Часто он засиживался за карточным столом и только под утро вспоминал, что надо спешить на занятия. Но странное дело — бессонные ночи с вином и картами совершенно не сказывались на нем, и когда он появлялся на занятиях, то выглядел так, словно превосходно выспался.
«Он, — писал Армстронг, — сразу же отчаянно погрузился в жизнь мегаполиса — Константинополя. Ночь за ночью в кафе и ресторанах он играл в азартные игры и выпивал.
В вопросе женщин он был неразборчив. Один силуэт, лицо в профиль, смех мог распалить в нем огонь и толкнуть на то, чтобы заполучить женщину, кем бы она ни была.

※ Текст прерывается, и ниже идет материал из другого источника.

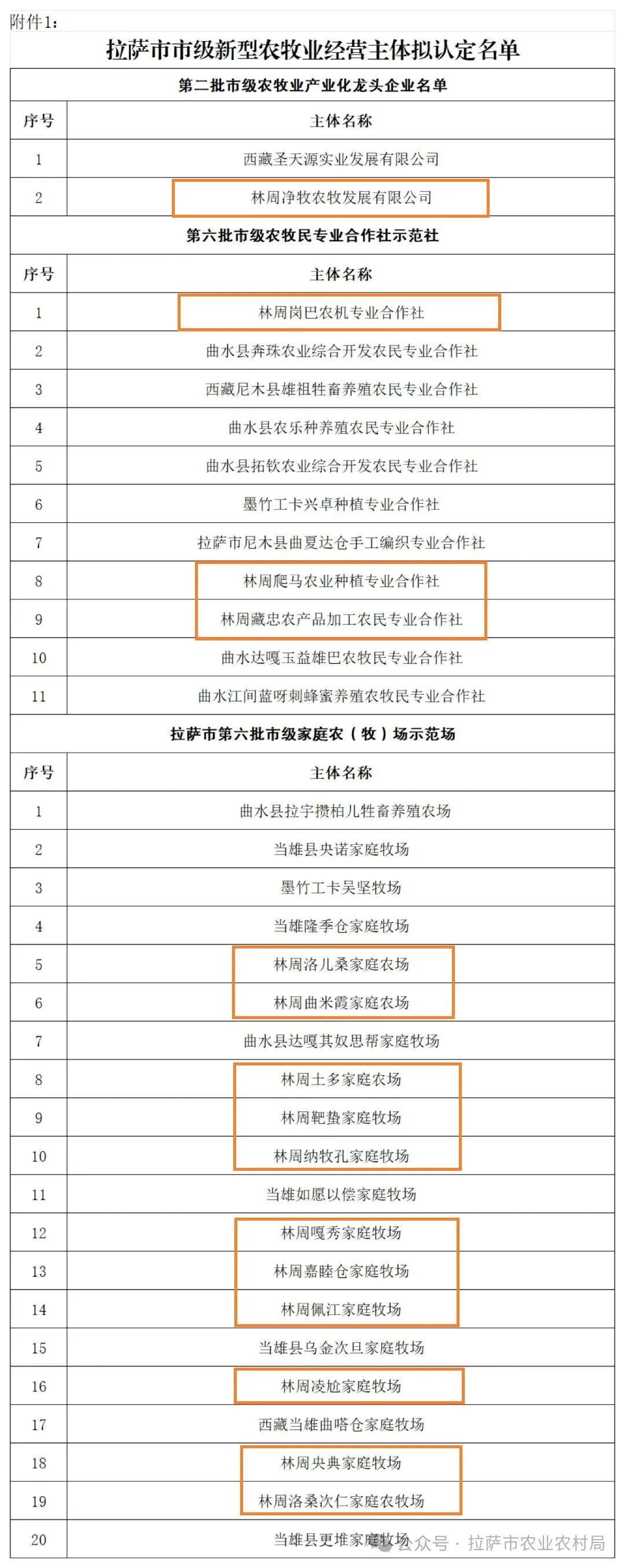 为贯彻落实2025年市委农村工作会议精神,根据《拉萨市人民政府办公室关于印发〈拉萨市关于持续促进农牧民增收的若干举措〉的通知》(拉政办发〔2025〕8号)、《拉萨市农牧业产业化龙头企业认定和运行监测管理办法》(拉农发〔2024〕27号)、《拉萨市农牧民专业合作社示范社评定及监测办法(试行)》(拉农发〔2025〕23号)、《拉萨市家庭农(牧)场市级示范场评定及监测办法(试行)》(拉农发〔2025〕24号)、《拉萨市培育壮大新型农牧业经营主体奖补资金管理实施细则(试行)》(拉农发〔2025〕26号)文件要求,经主体自愿申报、县(区)审核推荐、委托第三方审查、联席会议评审,拟认定西藏圣天源实业发展有限公司等2家公司为拉萨市第二批市级农牧业产业化龙头企业、林周岗巴农机专业合作社等11家合作社为拉萨市第六批市级农牧民专业合作社示范社、曲水县拉宇攒柏儿牲畜养殖农场等20家家庭农(牧)场为拉萨市第六批市级家庭农(牧)场示范场;拟奖补曲水净土产业投资开发有限公司等7家种养型龙头企业、西藏奇正青稞健康科技有限公司等9家农畜产品生产加工流通型龙头企业,拟奖补林周县卡优农民农机专业合作社等2家种养型示范社、堆龙嘎冲青稞糌粑专业合作社等6家农畜产品生产加工流通型示范社。现予以公示,公示期5个工作日(2025年11月12日至11月18日)。如对公示对象有异议,请在公示期内向拉萨市农业农村局反映。

Иногда это могли быть греческие или армянские проститутки из притонов на смердящих улицах у моста Галата, куда приходили сводники и гомосексуалисты, чтобы удовлетворить свою похоть; потом неделю или две он мог быть в доме какой-нибудь левантийской госпожи, находящемся в Пангалты; или это могла быть какая-нибудь молодая турчанка в домах для свиданий в Пери или Стамбуле, которая, боясь полиции, приходила, покрытая чадрой, и через заднюю дверь.
Он ни в кого не влюблялся. Он никогда не был сентиментальным или романтичным.
Без угрызений совести он шел от одной женщины к другой. Он удовлетворял свою плоть и все.
По своему мышлению он был целиком восточным человеком: женщины никакого места в его жизни не занимали, они лишь удовлетворяли его сексуальные потребности. Он с головой ушел в развратную жизнь».